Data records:
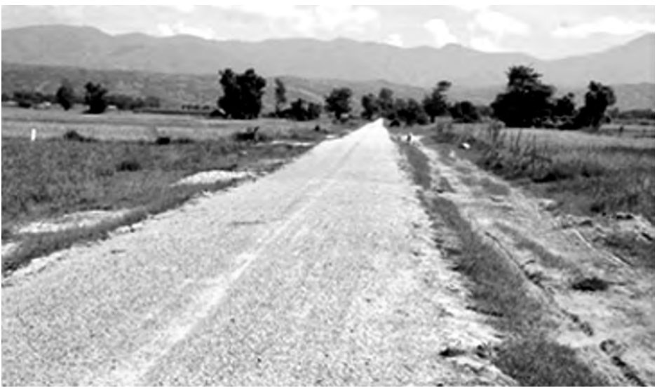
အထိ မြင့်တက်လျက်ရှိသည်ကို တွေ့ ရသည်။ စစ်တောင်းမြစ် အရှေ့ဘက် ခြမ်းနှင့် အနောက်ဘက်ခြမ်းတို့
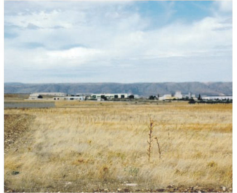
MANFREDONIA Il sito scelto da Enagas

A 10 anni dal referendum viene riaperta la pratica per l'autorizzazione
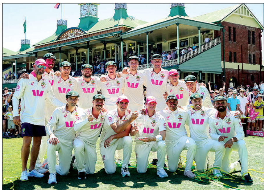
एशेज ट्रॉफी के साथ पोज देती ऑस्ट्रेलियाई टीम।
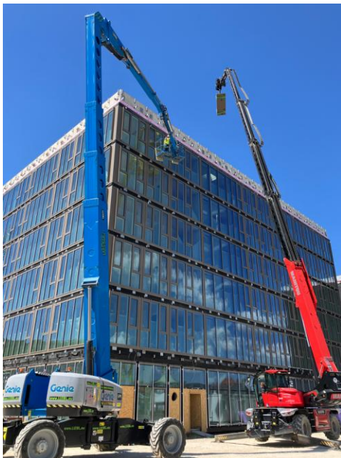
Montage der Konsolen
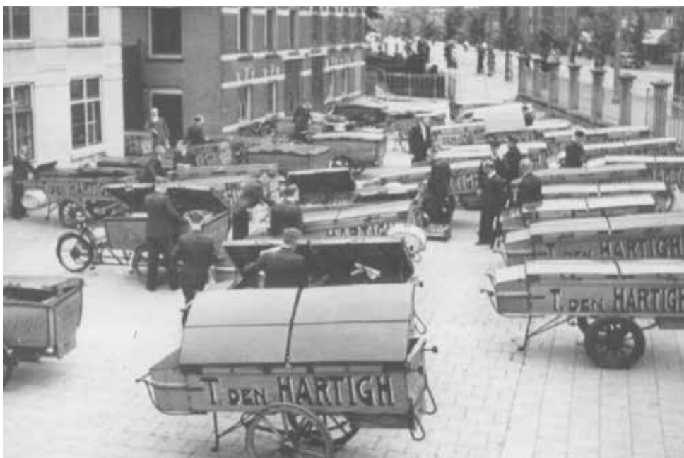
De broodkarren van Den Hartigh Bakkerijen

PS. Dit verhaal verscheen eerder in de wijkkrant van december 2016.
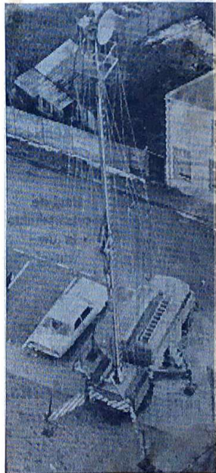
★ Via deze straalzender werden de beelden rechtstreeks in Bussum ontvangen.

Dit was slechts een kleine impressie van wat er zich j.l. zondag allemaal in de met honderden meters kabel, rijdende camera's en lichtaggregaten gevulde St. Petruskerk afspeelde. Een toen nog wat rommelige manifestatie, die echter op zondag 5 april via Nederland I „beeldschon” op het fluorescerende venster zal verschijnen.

--

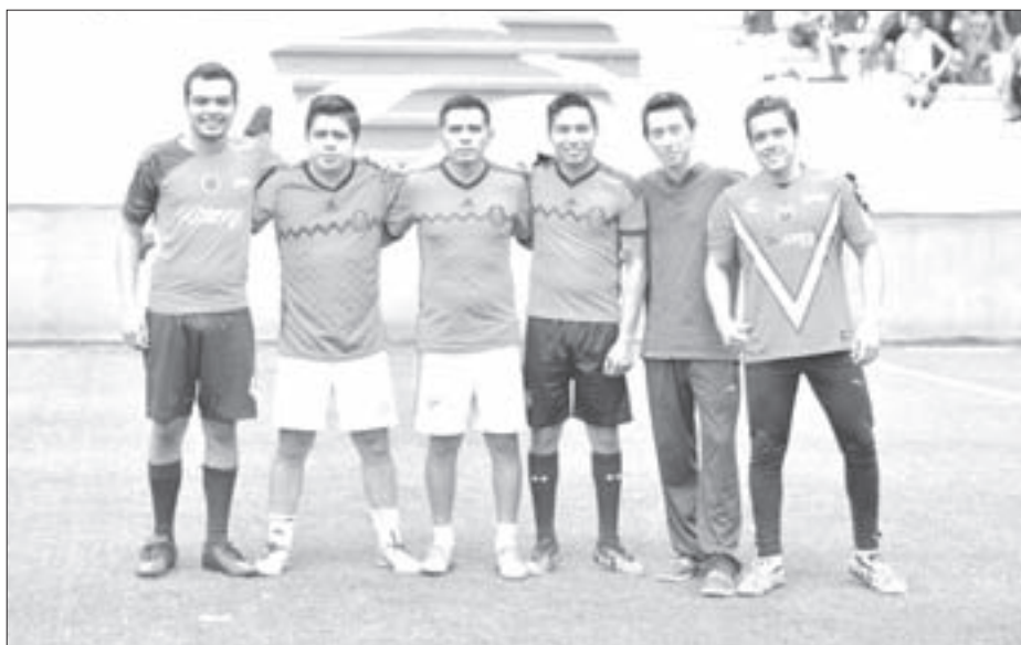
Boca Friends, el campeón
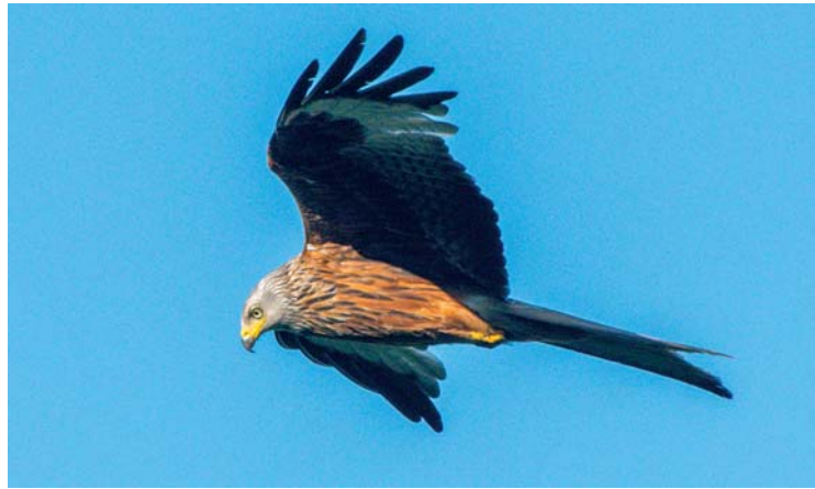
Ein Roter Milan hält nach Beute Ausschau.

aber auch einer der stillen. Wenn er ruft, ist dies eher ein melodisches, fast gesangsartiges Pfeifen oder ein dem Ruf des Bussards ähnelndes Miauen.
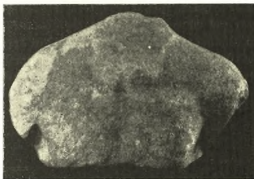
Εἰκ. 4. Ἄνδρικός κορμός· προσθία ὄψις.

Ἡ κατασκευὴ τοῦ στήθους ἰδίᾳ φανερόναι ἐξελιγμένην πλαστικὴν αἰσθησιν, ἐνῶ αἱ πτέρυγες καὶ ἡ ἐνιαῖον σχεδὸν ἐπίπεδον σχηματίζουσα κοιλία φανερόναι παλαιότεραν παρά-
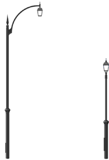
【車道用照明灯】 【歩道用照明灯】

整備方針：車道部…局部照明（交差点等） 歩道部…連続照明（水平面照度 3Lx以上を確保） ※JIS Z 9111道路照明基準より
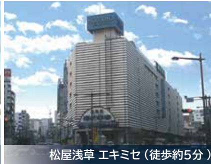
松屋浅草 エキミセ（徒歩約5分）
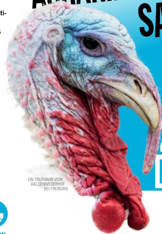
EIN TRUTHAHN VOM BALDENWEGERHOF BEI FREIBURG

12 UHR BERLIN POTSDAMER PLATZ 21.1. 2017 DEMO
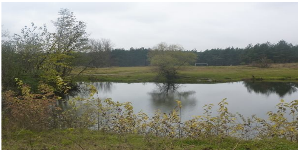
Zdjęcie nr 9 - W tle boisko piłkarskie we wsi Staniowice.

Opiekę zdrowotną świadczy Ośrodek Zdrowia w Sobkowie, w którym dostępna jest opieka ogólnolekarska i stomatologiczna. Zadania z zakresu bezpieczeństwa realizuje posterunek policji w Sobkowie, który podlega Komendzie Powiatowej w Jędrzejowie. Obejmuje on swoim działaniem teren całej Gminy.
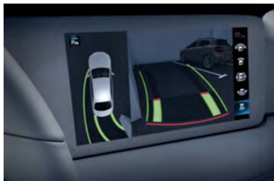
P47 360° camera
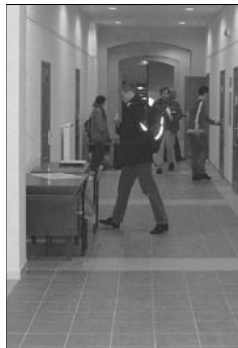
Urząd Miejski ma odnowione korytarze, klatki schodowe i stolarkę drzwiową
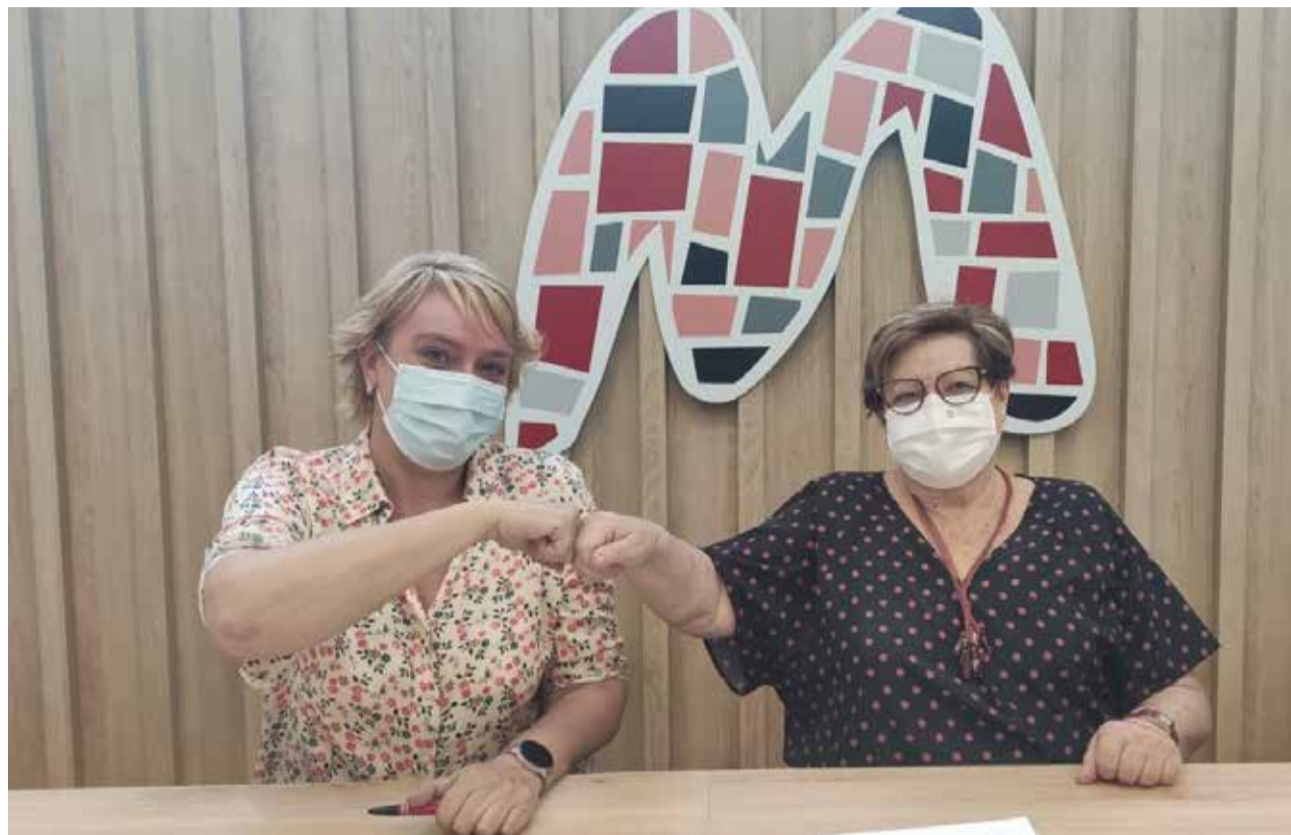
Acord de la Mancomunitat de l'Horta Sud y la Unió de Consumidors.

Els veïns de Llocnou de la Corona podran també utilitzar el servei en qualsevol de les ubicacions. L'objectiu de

==

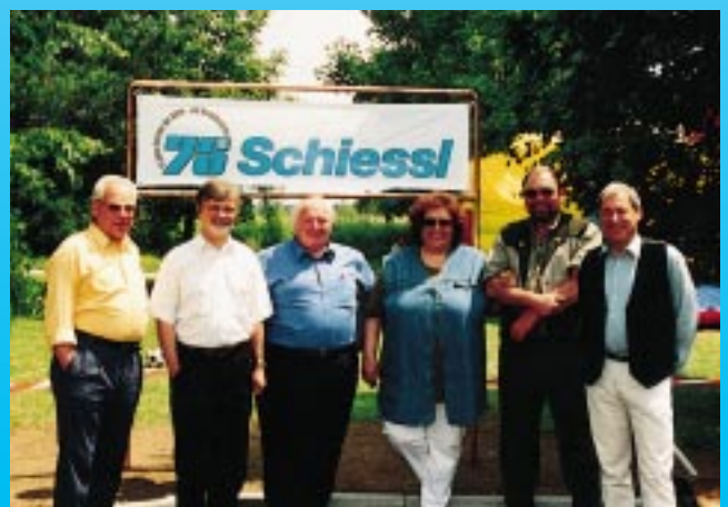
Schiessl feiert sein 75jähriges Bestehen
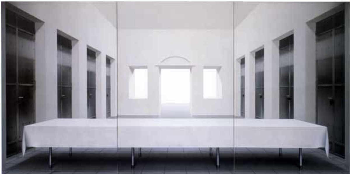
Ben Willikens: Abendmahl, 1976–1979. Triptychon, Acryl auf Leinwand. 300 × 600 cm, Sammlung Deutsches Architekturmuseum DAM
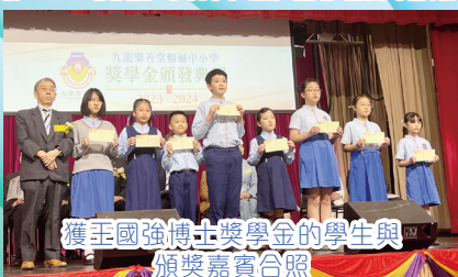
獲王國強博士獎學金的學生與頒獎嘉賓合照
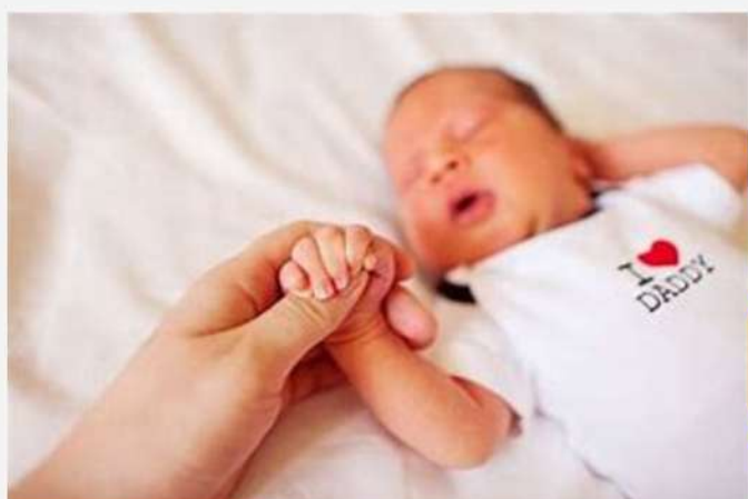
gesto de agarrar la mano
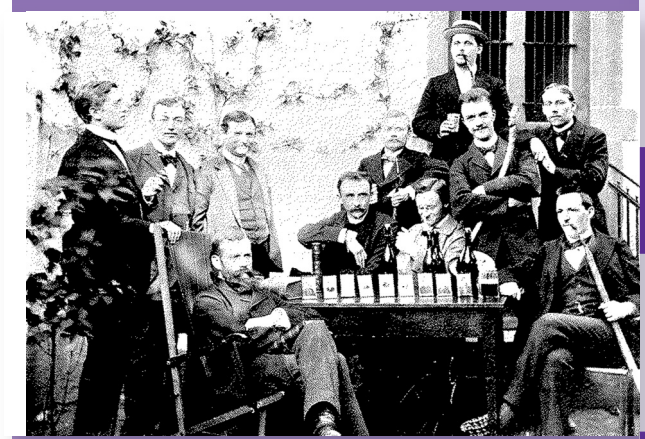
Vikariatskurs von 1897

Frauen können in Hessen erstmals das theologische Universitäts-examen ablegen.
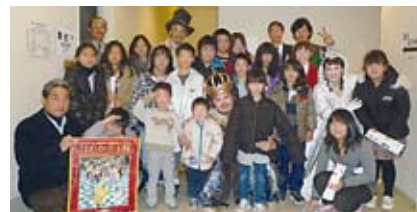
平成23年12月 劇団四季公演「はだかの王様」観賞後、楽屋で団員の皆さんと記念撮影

DESCRIPTION OF THE TASK:
Taking the entries above, write out exactly each line from the one holding "in Bussum ontvangen." to the one holding "Dit was slechts", both included, and stop there.

RESPONSE:
★ Via deze straalzender werden de beelden rechtstreeks in Bussum ontvangen.

Dit was slechts een kleine impressie van wat er zich j.l. zondag allemaal in de met honderden meters kabel, rijdende camera's en lichtaggregaten gevulde St. Petruskerk afspeelde. Een toen nog wat rommelige manifestatie, die echter op zondag 5 april via Nederland I „beeldschon” op het fluorescerende venster zal verschijnen.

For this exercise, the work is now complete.